«Je chante pour les Palestiniens»

Proche-Orient Le jeune Gazaoui Mohammed Assaf donnait un concert mercredi soir à Genève en faveur de ses compatriotes réfugiés

Percer dans la musique était-il le meilleur moyen de quitter Gaza? Pour la première fois de l’entretien, le sourire impeccable du chanteur Mohammed Assaf se fige. «Non, ce n’est pas du tout ça», corrige le jeune homme de 25 ans, adulé au Moyen-Orient depuis qu’il a remporté l’émission Arab Idol en 2013.

Le Palestinien, qui doit son succès autant à sa voix qu’à son incroyable histoire, chantait mercredi soir dans un grand hôtel genevois en faveur de l’organisation onusienne de secours aux réfugiés palestiniens (UNRWA) dont il est l’ambassadeur. Une manière de rendre à cette agence ce qu’elle lui a donné. Comme tant d’autres Gazaouis, Mohammed Assaf a été scolarisé dans l’une des écoles de l’UNRWA, dont certaines ont été bombardées l’été dernier par l’armée israélienne. Sa mère et sa sœur y enseignent toujours.

L’idole arabe est désormais installée à Dubaï, siège du groupe audiovisuel MBC (Middle East Broadcasting Center) qui l’a lancé et qui le produit. «Vous refuseriez une telle occasion?» demande-t-il.

Il a raté son audition

Le chanteur assure retourner aussi souvent que possible dans les territoires palestiniens. Le mois dernier, il donnait un concert dans le camp de réfugiés de Khan Younès, à Gaza, là où il a grandi. «Dans le monde arabe, des millions de gens connaissent mes chansons, dit-il sans fausse modestie. C’est un message d’espoir pour la jeunesse palestinienne. Malgré toutes les difficultés, si vous avez un but, vous pouvez y arriver.»

Mohammed Assaf a bien failli ne jamais réaliser son rêve.
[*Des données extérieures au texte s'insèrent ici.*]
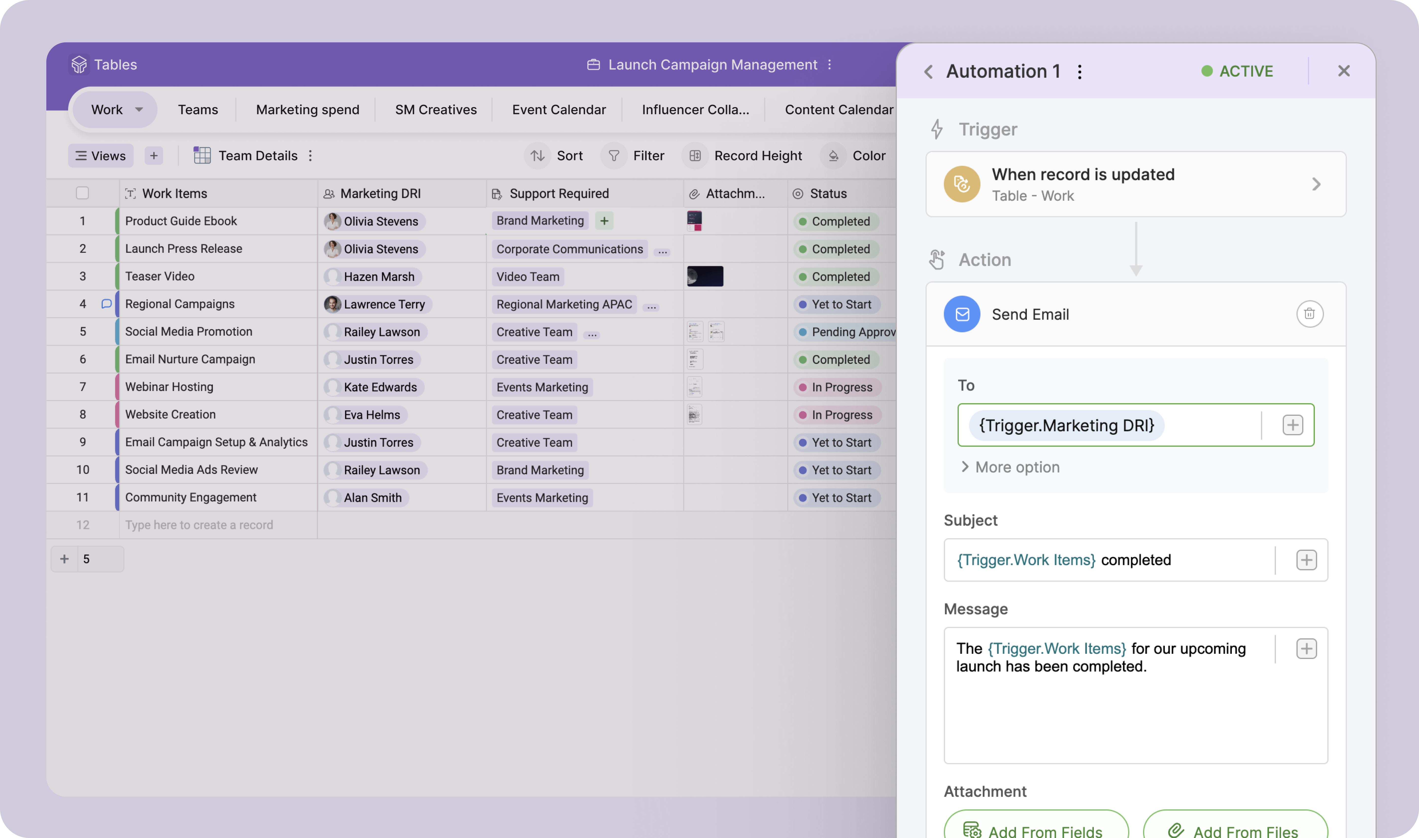 The best pre-made automations for Zoho Tables would be with all {} being user defined selections:
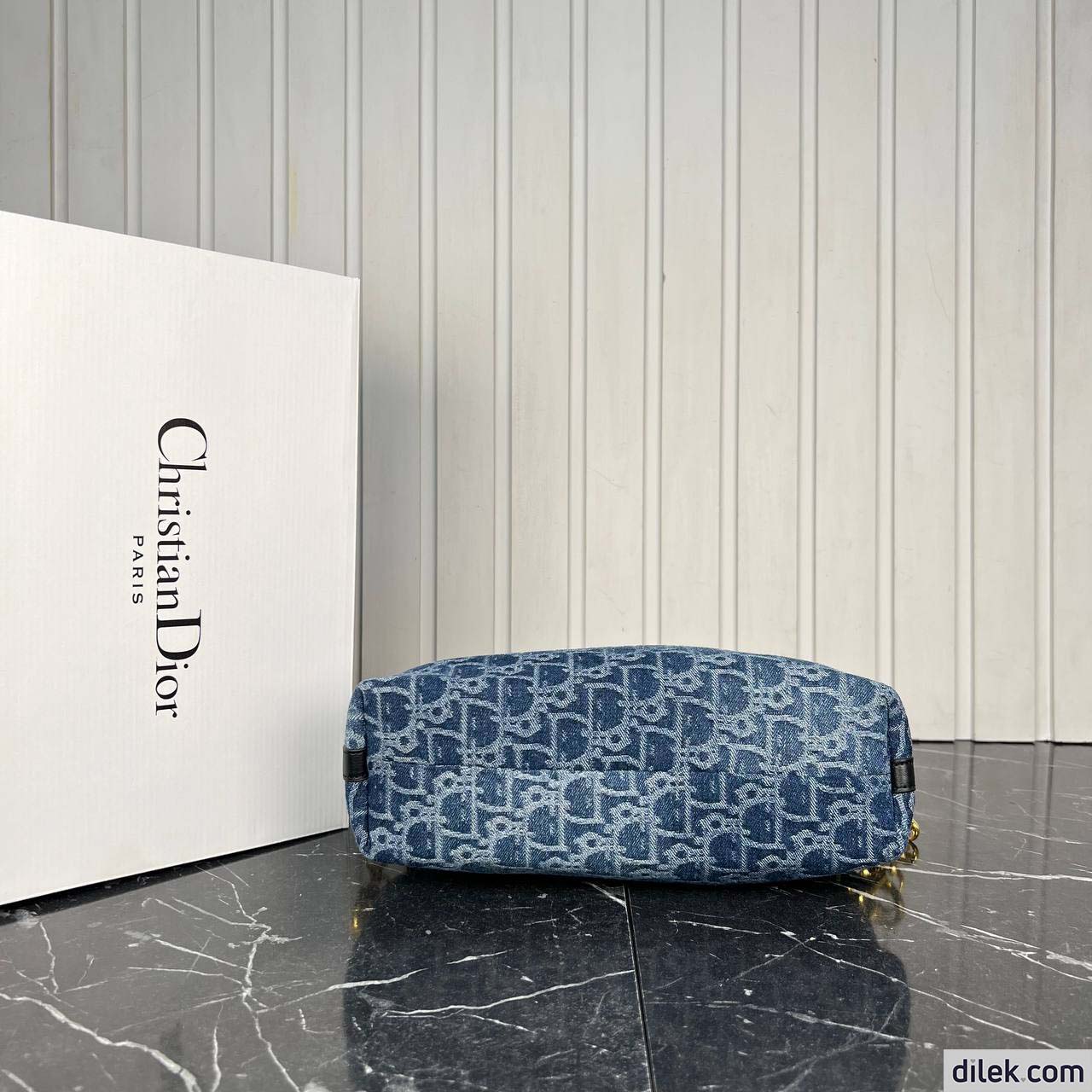 The DiorTravel Nomad pouch is a modern hybrid design. Crafted in blue Dior Oblique jacquard, it presents a spacious and flexible form that will accommodate all the essentials. The medium style can be carried by hand or worn over the shoulder thanks to the top handle, complete with a military-inspired CD buckle, while one of the House's embroidered shoulder straps can be attached to the side rings.

Il a été bloqué pendant deux jours pour sortir de Gaza, à la frontière égyptienne. Arrivé en retard à la première audition en Egypte, il n’a dû son salut qu’au désistement d’un autre candidat. Ce dernier avait estimé que le Gazaoui avait plus de chances que lui de parvenir en finale. Cette histoire a fait la légende du chanteur. «Tout est vrai et c’était encore bien plus difficile que vous pouvez l’imaginer, jure-t-il. Israël maintient un siège sur la bande de Gaza depuis neuf ans. Sans cela, il y aurait des dizaines d’autres artistes qui pourraient faire une carrière internationale.» Serait-il prêt à chanter un jour en Israël? Il ne dit pas non. «Mais tant que l’occupation et la spoliation des Palestiniens se poursuivent, ce n’est pas d’actualité.»

Selon sa mère, Mohammed Assaf chante depuis qu’il a 5 ans. Il a fait ses premiers pas sur scène dans des fêtes privées, d’où son surnom de chanteur des mariages. Devenu une célébrité locale, il a eu maille à partir avec les islamistes du Hamas, qui contrôlent la bande de Gaza. «J’ai été arrêté une fois. C’était avant que je gagne Arab Idol», sourit-il. Son attaché de presse coupe aussitôt. «C’est trop sensible.»

Le jeune artiste ne veut pas se prononcer sur les querelles interpalestiniennes, même s’il a toujours porté haut les couleurs de son pays. La chanson qui l’a fait gagner devant les téléspectateurs était un hymne patriotique. Sur scène, il arbore régulièrement le keffieh, symbole de la résistance palestinienne. «Je chante pour les gens, pas pour les politiciens. La cause des réfugiés me tient particulièrement à cœur», dit-il. Avant d’expliquer qu’il essaie de rester indépendant et de ne pas se faire instrumentaliser.

Accueilli en héros

La victoire du chanteur palestinien avait provoqué des manifestations de joie dans les territoires palestiniens. A son retour, il avait été accueilli en héros. Pendant la compétition, le président Mahmoud Abbas avait appelé les Palestiniens, agglutinés devant leur télévision, à voter pour lui. Il lui a ensuite accordé un passeport diplomatique, ce qui facilite ses déplacements. Des officiels du Hamas n’ont pas été en reste, se félicitant du succès de l’enfant de Gaza. «Certains sont plus ouverts d’esprit que d’autres. Moi, je suis croyant, dit-il en montrant son cœur, mais je peux aussi penser avec mon cerveau.»